Assigned task = Pictures excluded, retype the lines from the one containing "10. Leerlingen zijn" through the last line of the data below, both included.

::: Source material

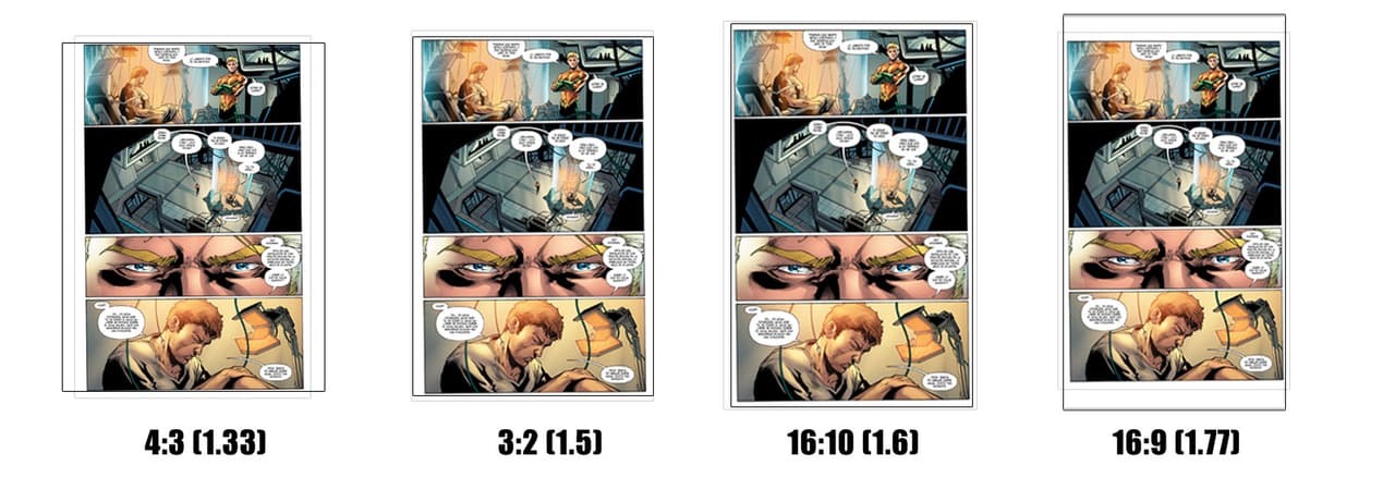 Distintas Relaciones de Aspecto con una hoja de cómic completa.
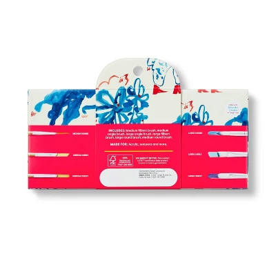 Whether you’re new to painting or have been painting for years and are looking to update your supplies, an Artist Paintbrush Set from Mondo Llama™ makes a great addition to your painting tools. This pack of paintbrushes comes with six brushes — medium filbert, large filbert, medium angle, large angle, medium round and large round — each clearly labeled to help you grab just the right one for the task at hand. The brushes have synthetic bristles that have a smooth texture to give your artwork an even finish you’ll appreciate. Suitable for use with acrylic, tempera and other types of paint, these brushes are ones you’ll reach for again and again. Artwork by Amber Vittoria.
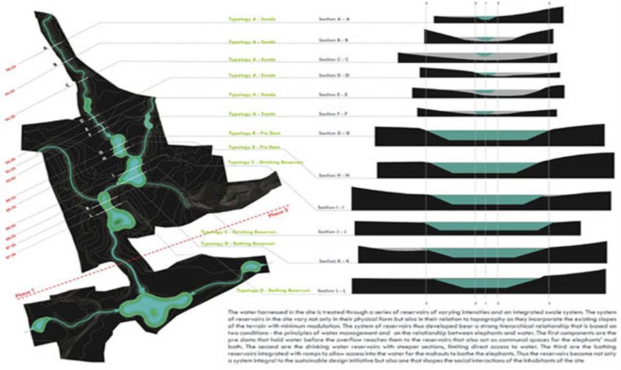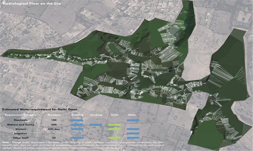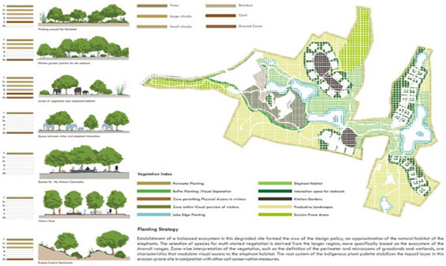 該總體規(guī)劃的主要目的是重新創(chuàng)建一個生態(tài)系統(tǒng),能夠使大象在身體和心理上感到舒適,孟買的建筑師Rahul Mehrotra和他的同伴被邀請來設計重建這個項目。該規(guī)劃將為一百頭大象建立一個棲息地,包括青壯年、幼仔、康復期的和衰老的大象以及它們的象夫(大象的飼養(yǎng)者)。允許有限的游客進入該區(qū)域參觀為發(fā)展帶來了必要的收入。車輛的進入僅限于入口和一個通向入口院子的人行道;一個半遮蔽的非正式廣場可以進行民俗表演。鄰近的低洼的濕地連接著廣場和游客走廊。游客的參觀區(qū)域僅限于走廊周圍,在那里人們可以看到牧場和大象洗澡的貯水池。大象的住處和他們的飼養(yǎng)者沿著該地高區(qū)分布,并向周邊排列成群。其他的建筑設施還有獸醫(yī)院和飼料商店。整個設計的核心是在這個退化的地區(qū)建立一個平衡的生態(tài)系統(tǒng),一個大象的自然棲息地。當?shù)刂参锏母悼梢苑€(wěn)定地表,以保持這個易受侵蝕的地方的水土不流失。
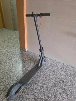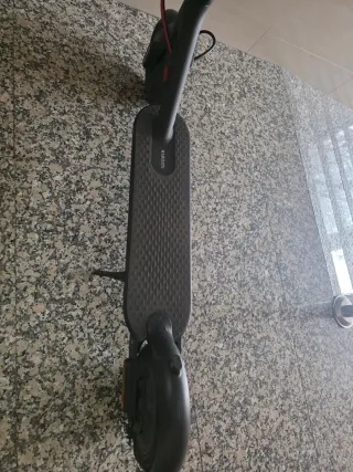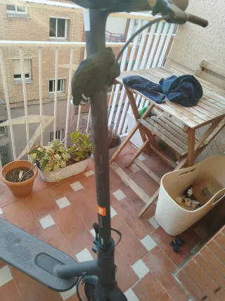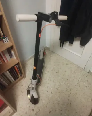 Patinete eléctrico Xiaomi en buen estado. - Manillar con puños blancos. - Cable naranja visible. - Rueda delantera con reflectante.
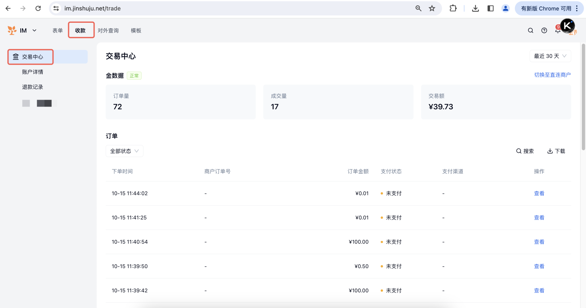 钱收到你开通的小金商户账户中,你可以在金数据的 收款 板块查看已支付订单。
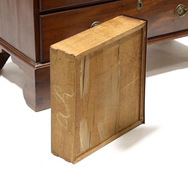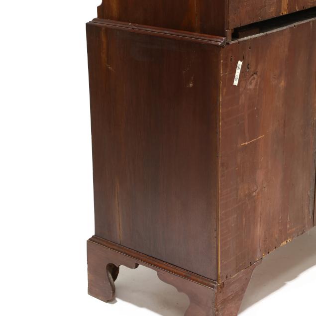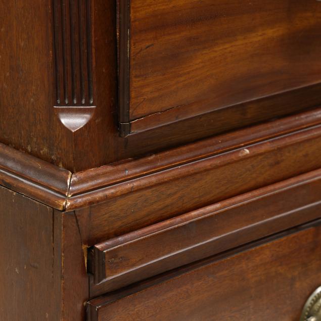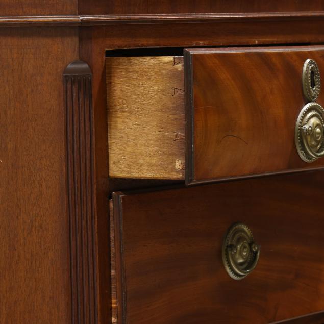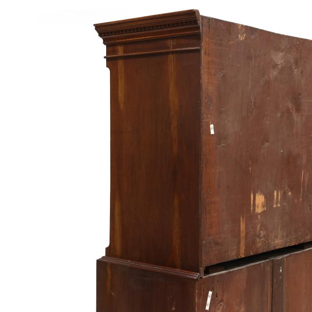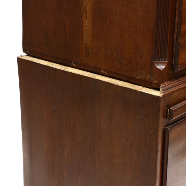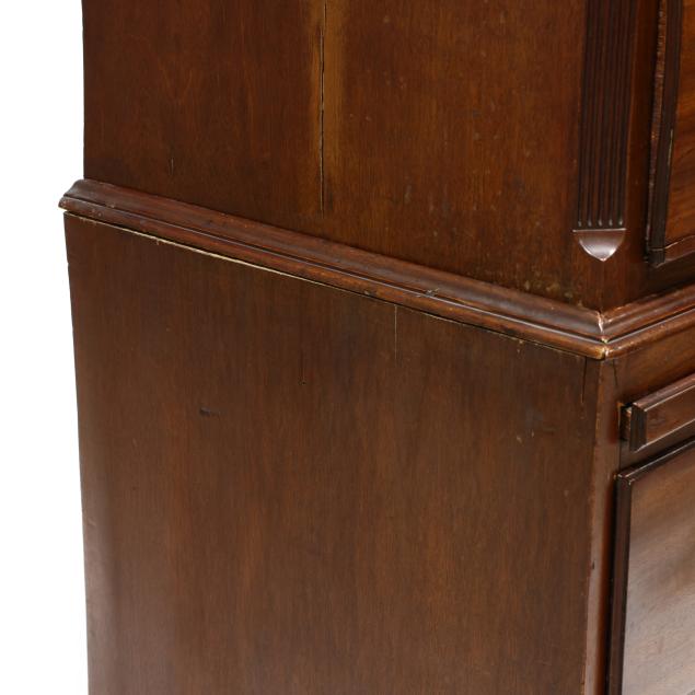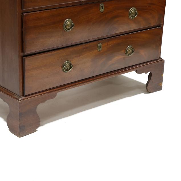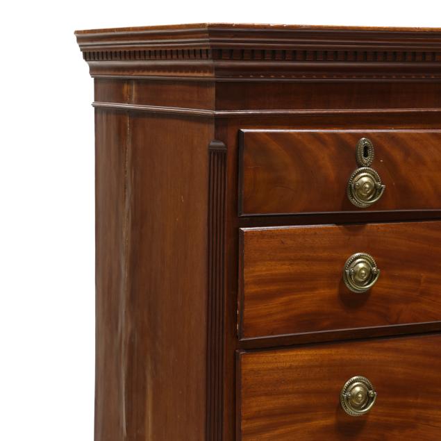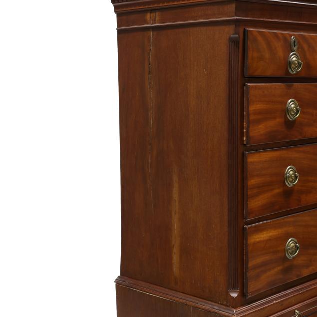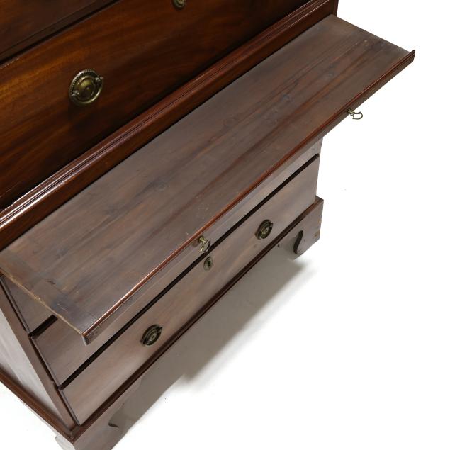 Circa 1800, mahogany veneer, oak and pine secondary, two part form, dovetailed case, dentil molded cornice, over six graduated lipped drawers, the upper case with fluted canted corners and the lower case with a dressing slide, straight bracket foot base.
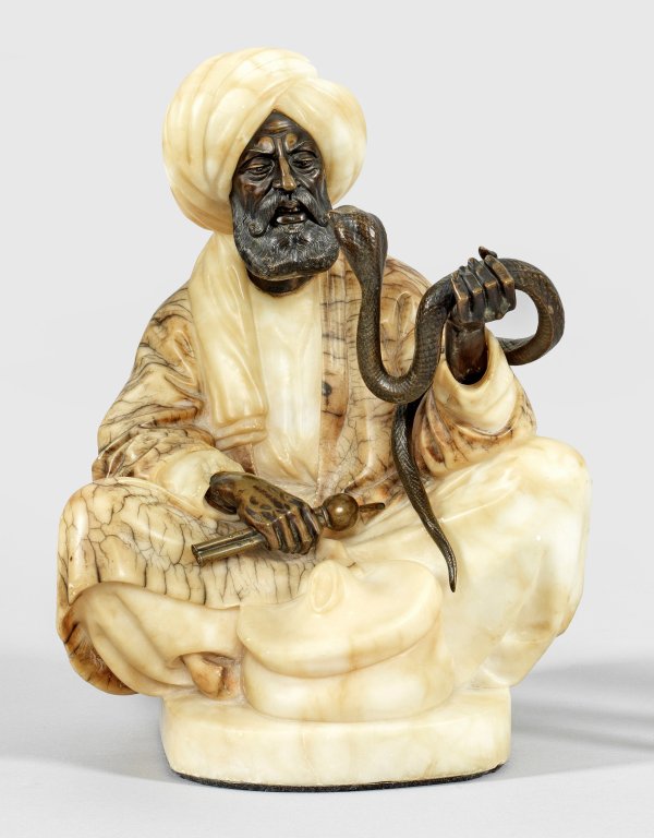 Dunkelbraun patinierte Bronze sowie getönter Alabaster. Sign.; Ausführung wahrscheinlich durch die Aktiengesellschaft Gladenbeck in Berlin-Friedrichshagen, um 1900. Auf einer ovalen Plinthe sitzender, arabischer Schlangenbeschwörer in orientalischer Tracht mit Turban, der in seiner linken Hand eine Kobra hält, in seiner rechten eine Flöte. Ger. best.; H. 30,5 cm.
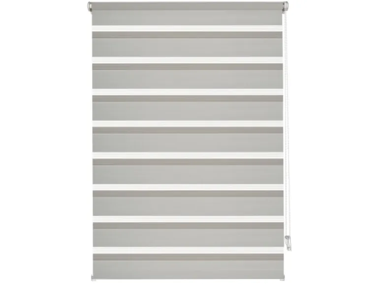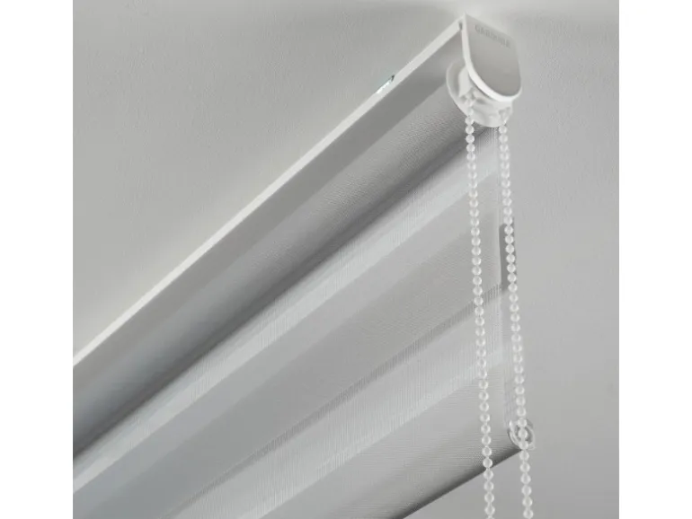 Der Stoff ist abwechselnd in transparenten und blickdichten Streifen gewebt und verläuft doppelt gegeneinander, wodurch interessante Effekte entstehen. Sicht- und Lichteinfall können dadurch sehr genau dosiert werden.
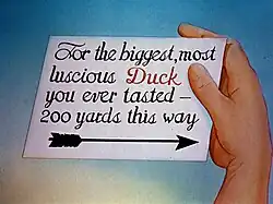 Casper and Fido head off in the direction indicated on the card, following a series of billboards (parodying advertising techniques of the era, including references to "The Breakfast of Champions" and "The Pause that Refreshes") Daffy has erected. They eventually reach an inflatable balloon duck which is being pumped up by Daffy. Casper is terrified by this until Daffy hands him a knife. Casper marches over and stabs the huge, angry-looking balloon duck. The ensuing explosion kills them all.
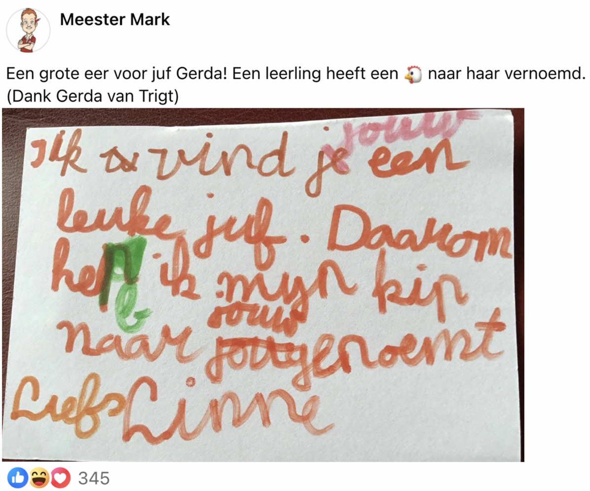 10. Leerlingen zijn er uiteraard als de kippen bij om hun docent te bedanken.
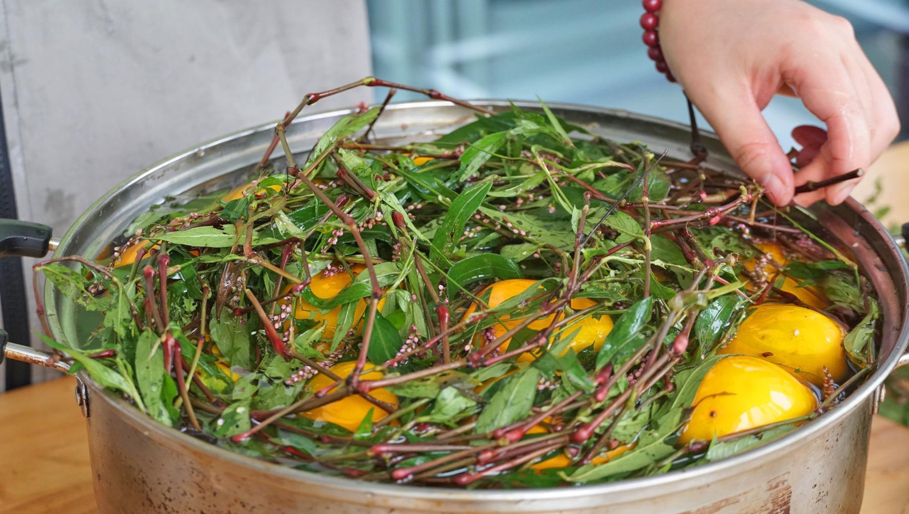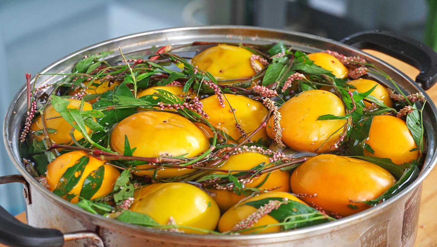 5、最底部和最上面都要放辣蓼草,這樣柿子泡好的時間會更快,我們就不用等那麼久了。

::::::

Solved problem =
 10. Leerlingen zijn er uiteraard als de kippen bij om hun docent te bedanken.
 5、最底部和最上面都要放辣蓼草,這樣柿子泡好的時間會更快,我們就不用等那麼久了。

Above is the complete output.